Eu pretendia apontar a construção que
vira na noite anterior, mas só então percebi que o que apontava não passava de
destroços tombados.
—Você está brincando comigo, não é?
Vamos, estamos indo embora agora. Eu vou preparar um café e você vai ficar
dentro de casa até os seus pais voltarem, entendeu?

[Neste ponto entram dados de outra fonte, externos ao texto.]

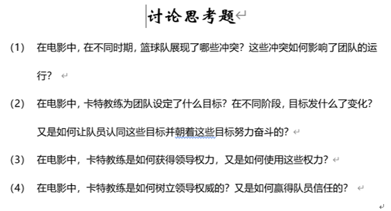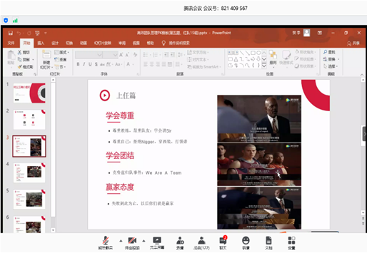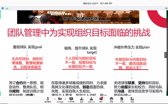 5月30-31日,在管理学院管理实验与IT服务中心支持下,100余名MBA同学参加了为期2天的线上选修课《高效团队管理》。本次课程组建20个小组,分属红蓝两大阵营,最大创新之处在于观看电影《卡特教练》并围绕团队相关思考题进行PK讨论,最后由刘冰教授和蔡地教授做精彩点评。课堂上,两位教授通过引导学生讨论分析“在电影中,卡特教练为团队设定了什么目标?在不同阶段,目标发什么了变化?“”卡特教练是如何树立领导权威的?又是如何赢得队员信任的?”等9道环环相扣的问题,为同学们回答了“如何卓有成效的管理团队”这一现实问题。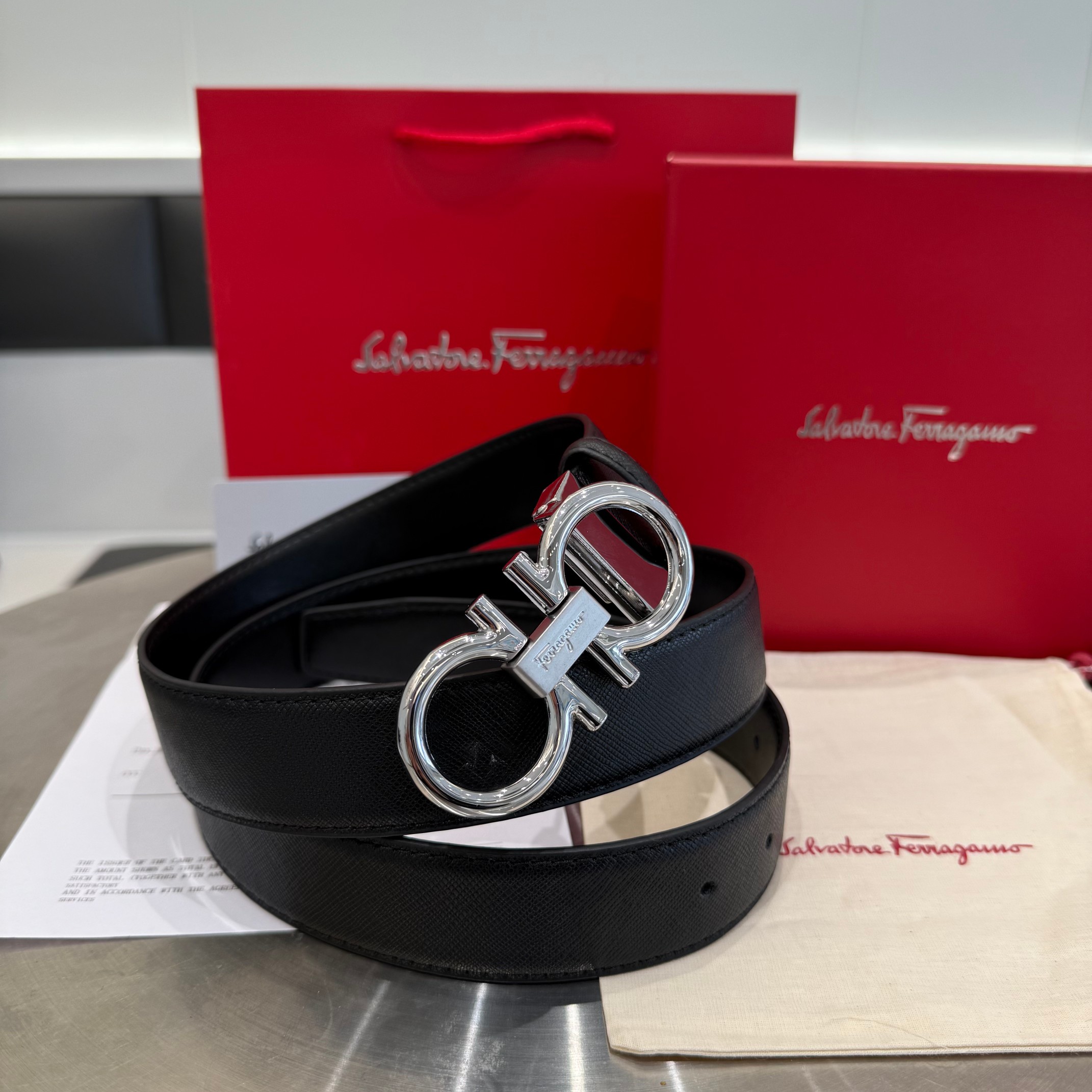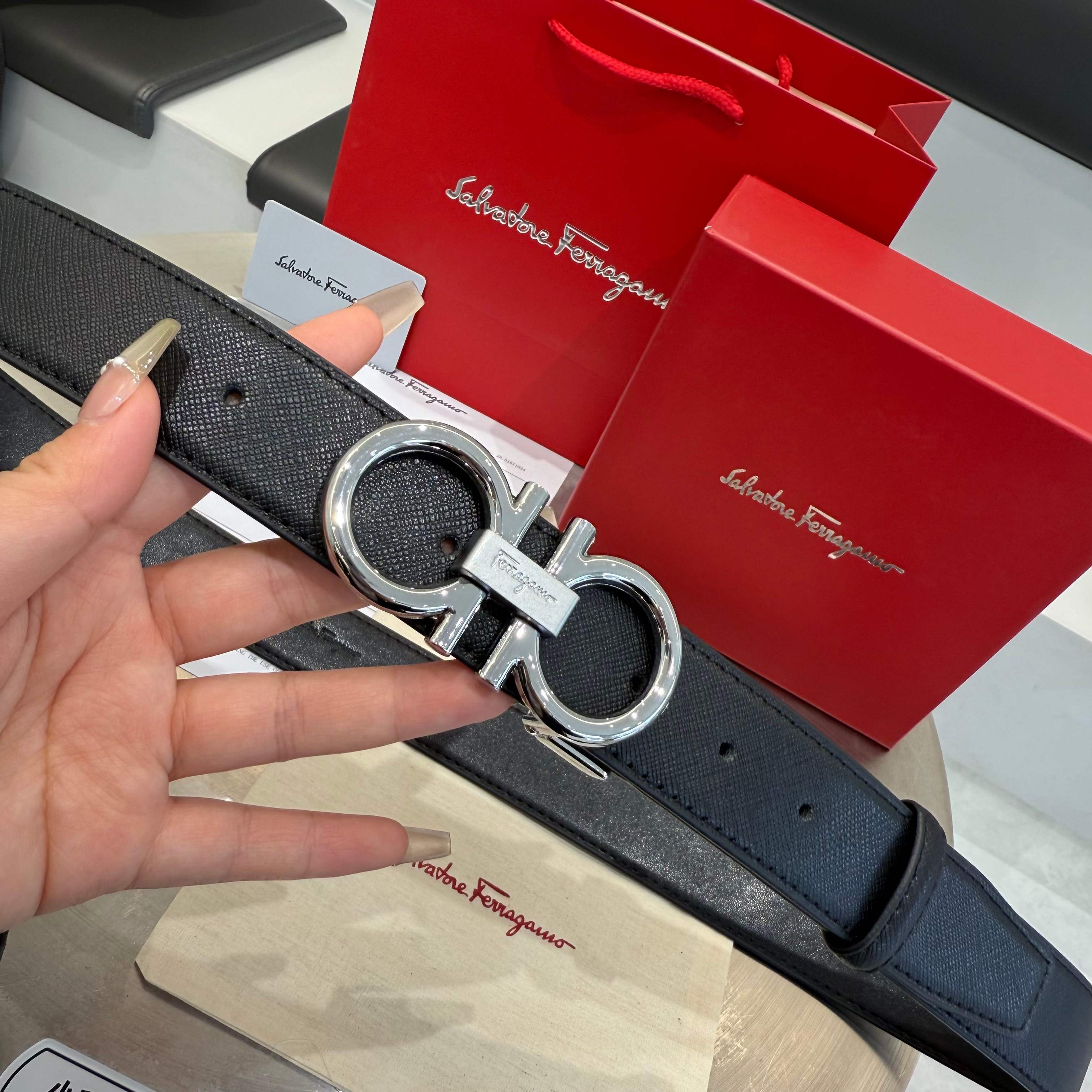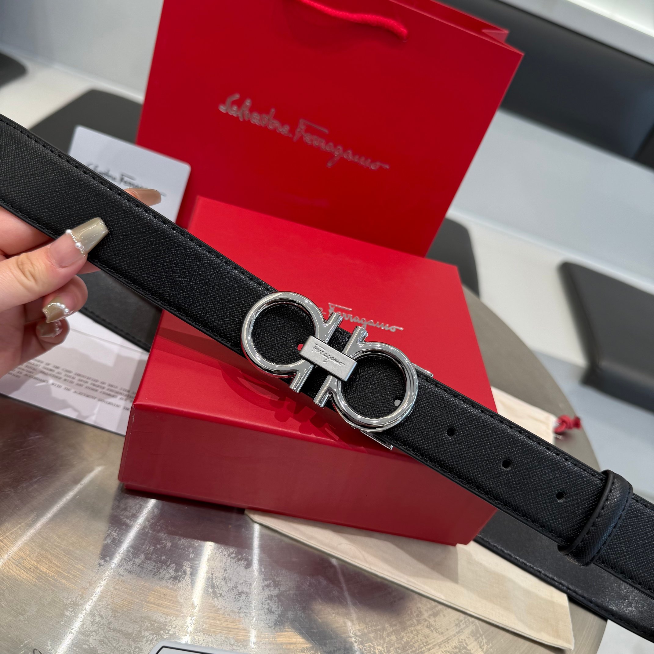 2025新款来袭🎉FERRAGAMO/菲拉格慕皮带,黑色荔枝纹腰带,配红色礼盒包装,菲拉格慕皮带专柜🈶售✨牛逼质量带身采用进口二层牛皮🐂 精致油边,搭配原版钢扣💍不褪色。不挑任何年龄,送老公,男朋友,爸爸都可以,彰显气质,宽度3.4cm,有配打孔器,码数统一120cm,长度可以剪。
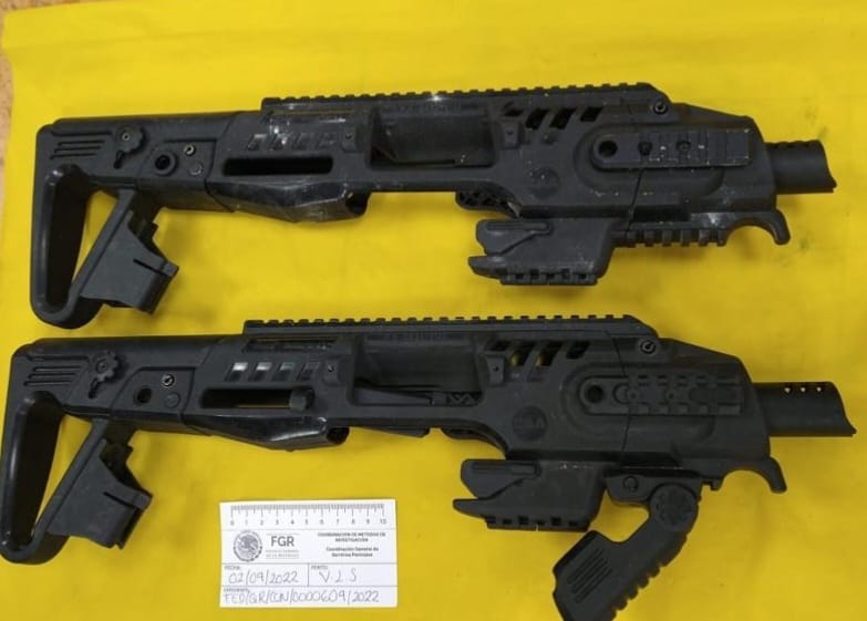 Además, una maleta que contenía 23 bolsitas de plástico con marihuana con un peso total de 25 gramos, una maleta en la que había dos adaptadores para pistola con culata retráctil, un fusil sin culata, un cargador de tambor y una mira posterior para fusil, dos cargadores desabastecidos y una camioneta sin placas de circulación.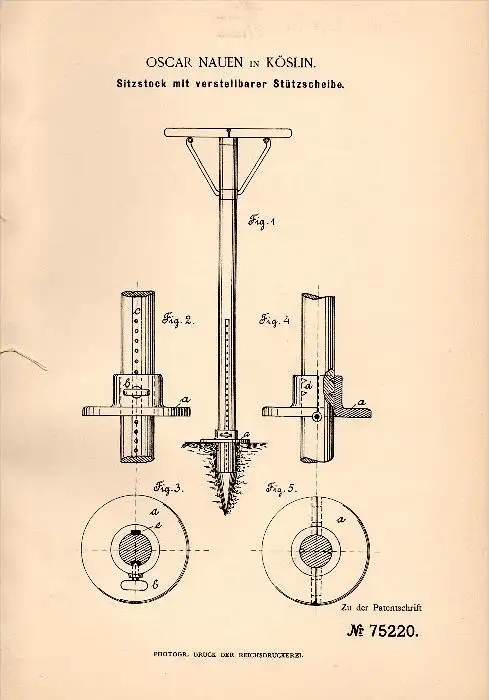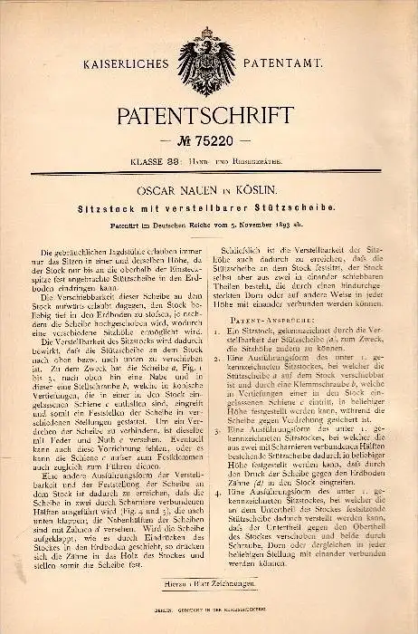 Original Patentschrift - Oscar Nauen in Köslin / Koszalin , 1893 , verstellbarer Sitzstock , Jagd , Schemel , Cöslin !!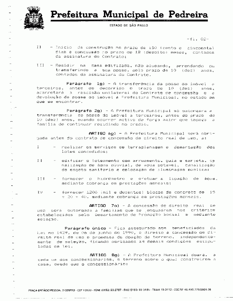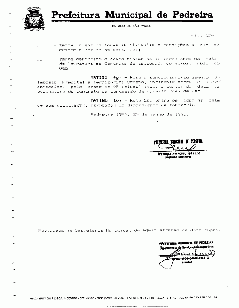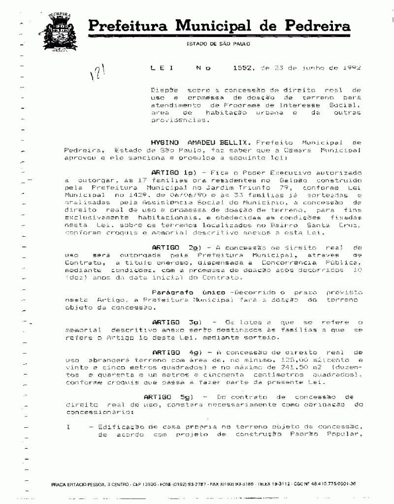 Lei Municipal - N° 1552 de 23/06/1992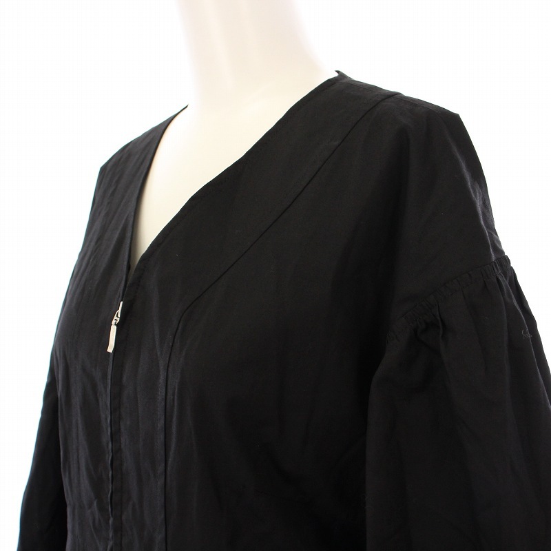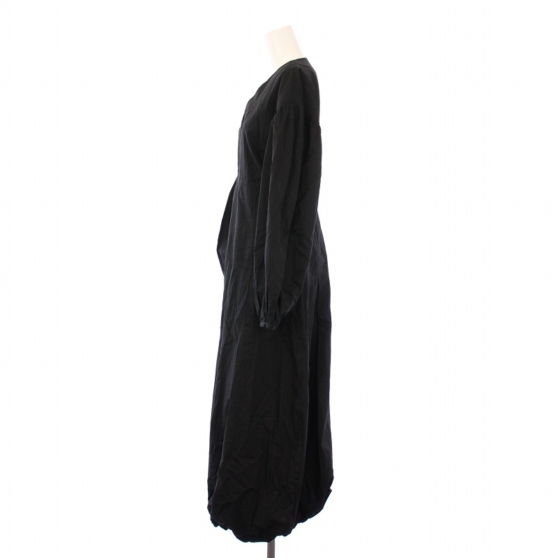 クラネ CLANE 23AW FRONT ZIP BALLOON ONEPIECE フロントジップバルーンワンピース ミモレ ロング 長袖 Vネック 1 黒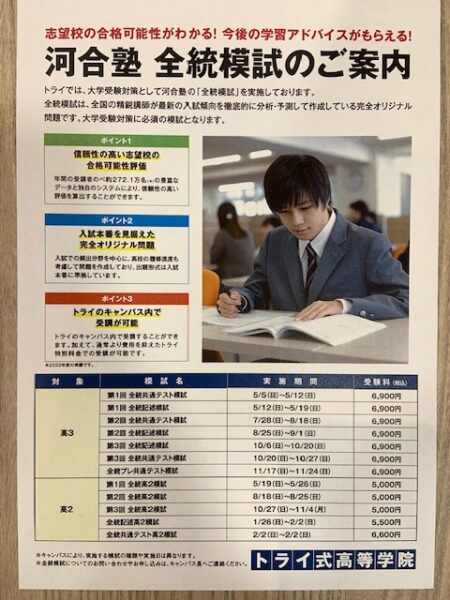 今回は、トライ式高等学院で受けられる河合塾 全統模試について、お知らせいたします📚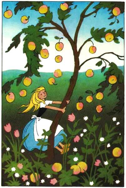 Взяла девушка лопату и вынула хлебы из печи. Потом пошла она дальше и пришла к яблоне. А на яблоне было много спелых яблок.

Nunca antes vira meu tio daquele jeito.
Por mais arriscado que me parecesse a ideia, a curiosidade me dominou e, sem
pensar duas vezes, perguntei:
—Mas tio... e o vigia? Você o conhece?
A sua resposta estrondou em minha mente
como um trovão atrás das montanhas.
—Não existe um vigia. O senhor Thomas
costumava olhar o depósito de combustível, mas uma tempestade destruiu o lugar,
e um incêndio cuidou de acabar com a vida daquele pobre velhote. Isso foi há
três anos.
Uma tempestade, e então um incêndio. O
frio das águas torrenciais, o calor das chamas descontroladas. A pele pálida e
grotesca me estuporava, uma imagem que eu jamais esqueceria.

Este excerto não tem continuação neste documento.